**Data segment:**
□ □ □ □ □ □ □

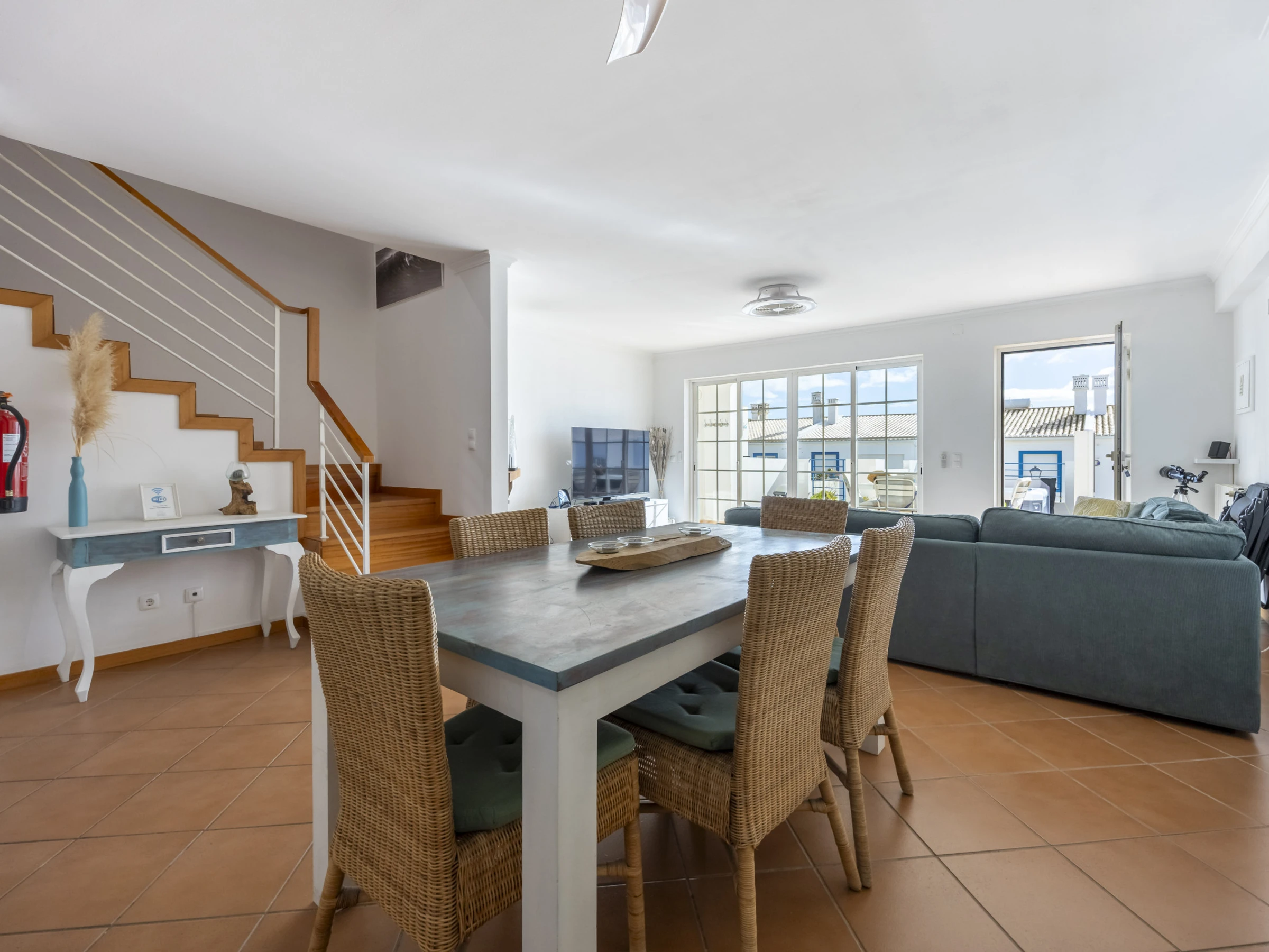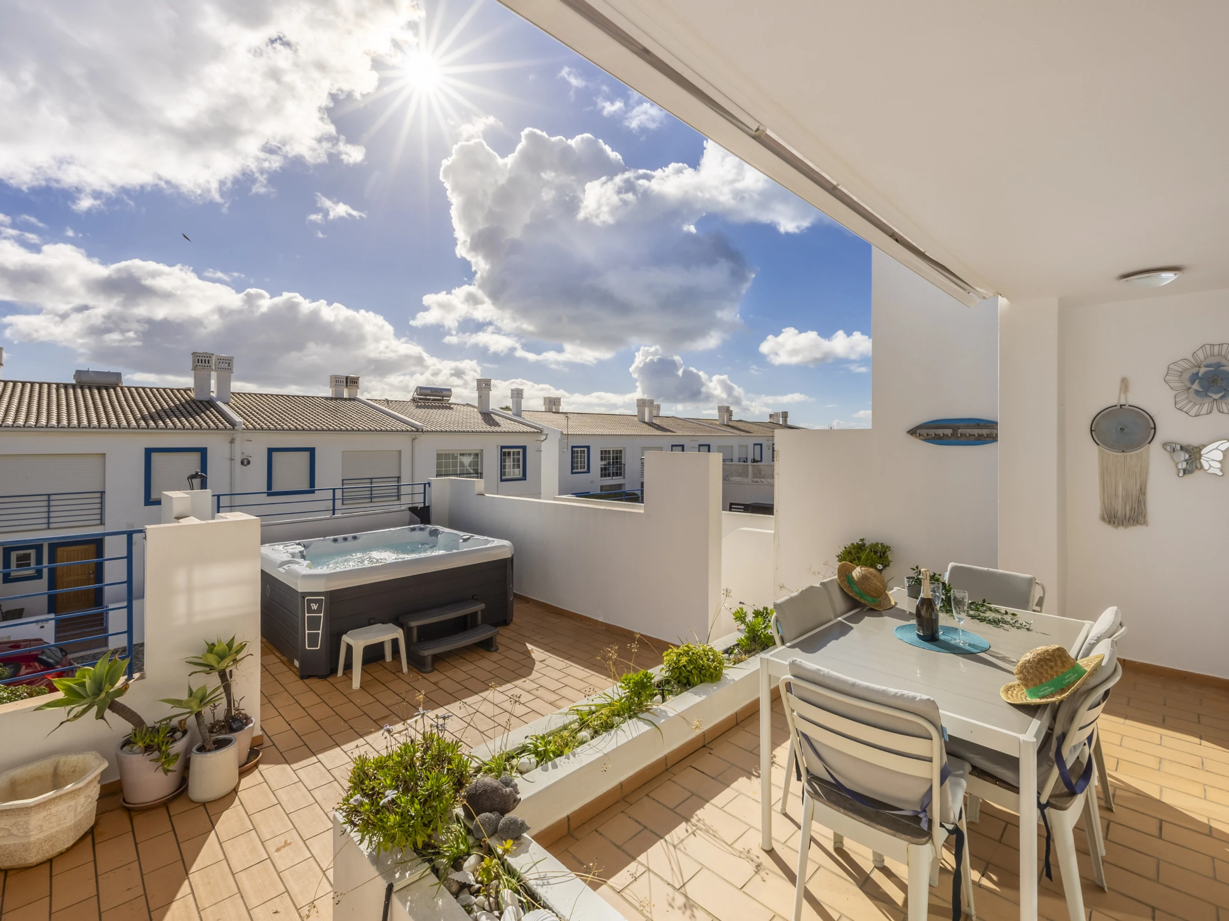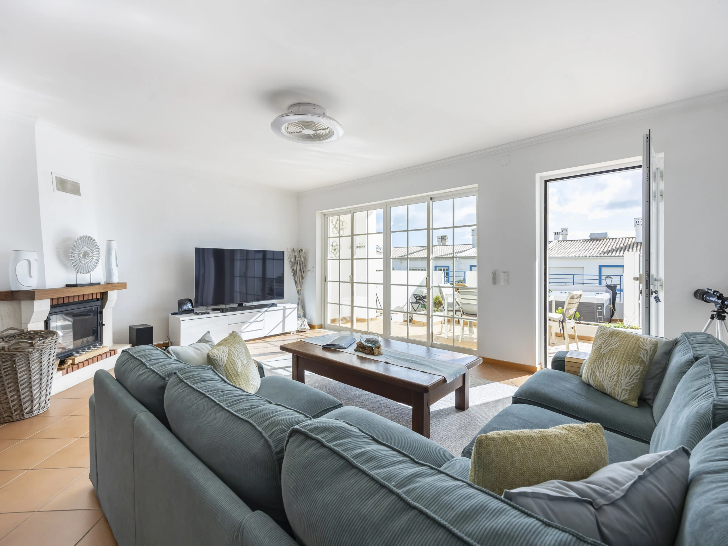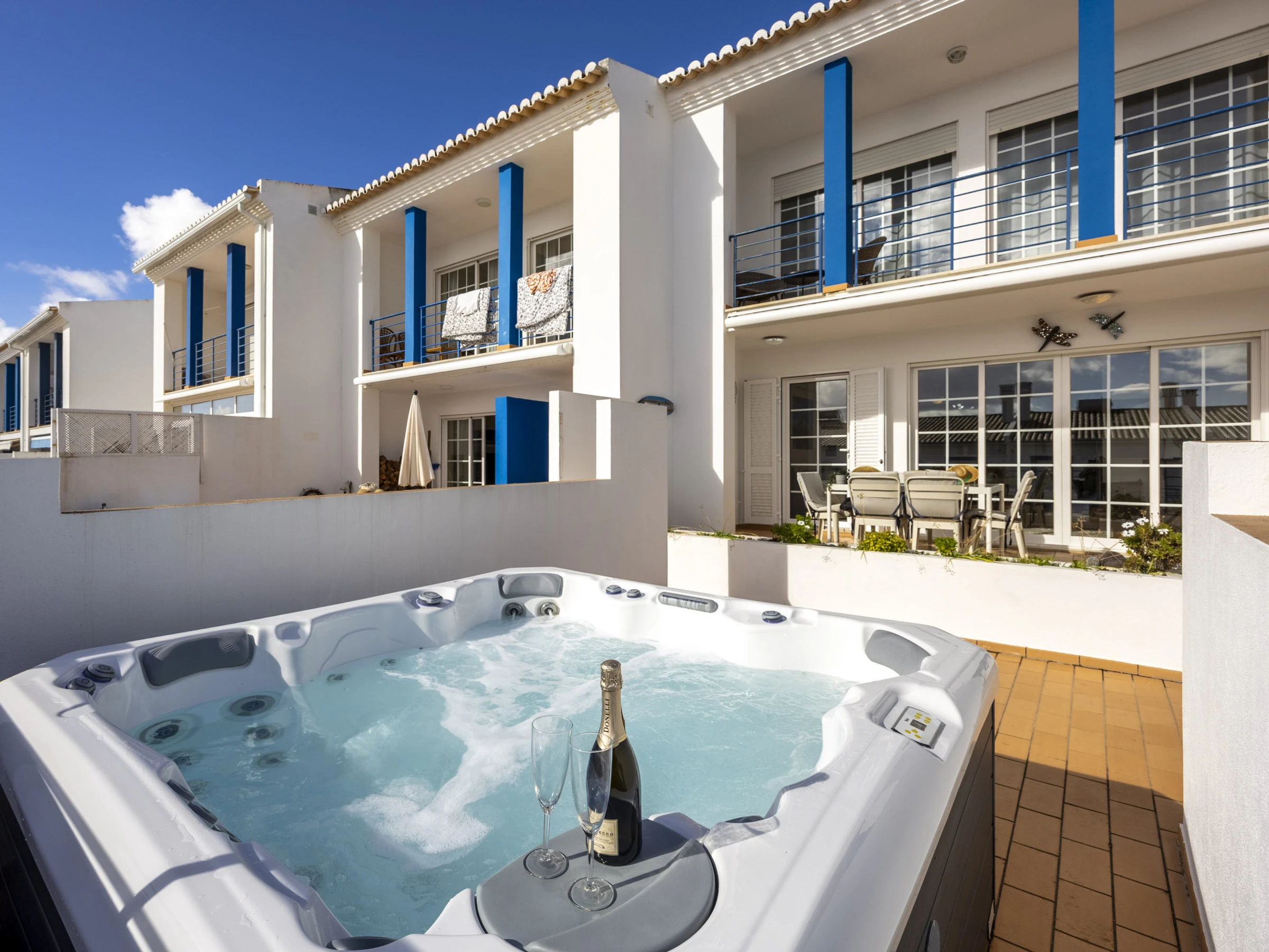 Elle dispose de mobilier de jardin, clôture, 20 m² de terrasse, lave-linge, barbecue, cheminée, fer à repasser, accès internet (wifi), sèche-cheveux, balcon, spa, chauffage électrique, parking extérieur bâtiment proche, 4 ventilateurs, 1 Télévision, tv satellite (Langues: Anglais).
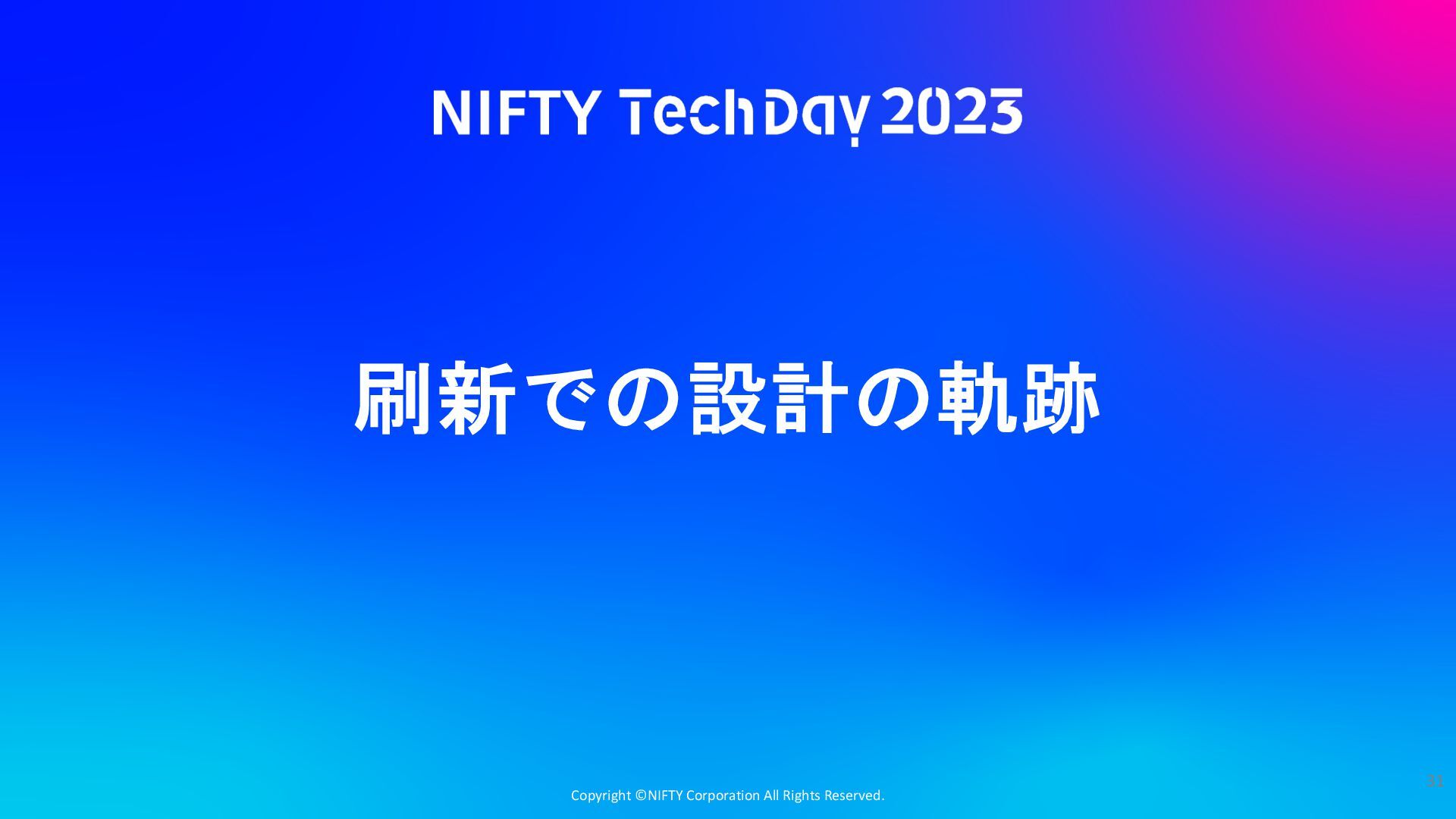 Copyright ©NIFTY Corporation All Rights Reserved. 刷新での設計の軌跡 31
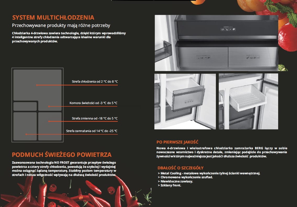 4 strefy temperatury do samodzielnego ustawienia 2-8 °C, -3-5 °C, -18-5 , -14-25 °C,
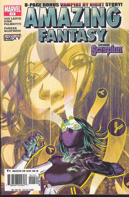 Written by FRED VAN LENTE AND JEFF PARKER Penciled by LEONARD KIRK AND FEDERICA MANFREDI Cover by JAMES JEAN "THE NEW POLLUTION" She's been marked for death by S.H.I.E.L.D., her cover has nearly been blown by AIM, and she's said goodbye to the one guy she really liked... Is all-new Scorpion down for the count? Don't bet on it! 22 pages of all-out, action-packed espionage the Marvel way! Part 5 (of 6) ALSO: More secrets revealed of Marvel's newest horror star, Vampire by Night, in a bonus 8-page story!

□ □ □ □ □ □ □

**What you should do:** Please return only the lines from the top of the data through the line with "4 strefy temperatury", exactly as written, and drop every picture.

**Response to this task:**
 Elle dispose de mobilier de jardin, clôture, 20 m² de terrasse, lave-linge, barbecue, cheminée, fer à repasser, accès internet (wifi), sèche-cheveux, balcon, spa, chauffage électrique, parking extérieur bâtiment proche, 4 ventilateurs, 1 Télévision, tv satellite (Langues: Anglais).
 Copyright ©NIFTY Corporation All Rights Reserved. 刷新での設計の軌跡 31
 4 strefy temperatury do samodzielnego ustawienia 2-8 °C, -3-5 °C, -18-5 , -14-25 °C,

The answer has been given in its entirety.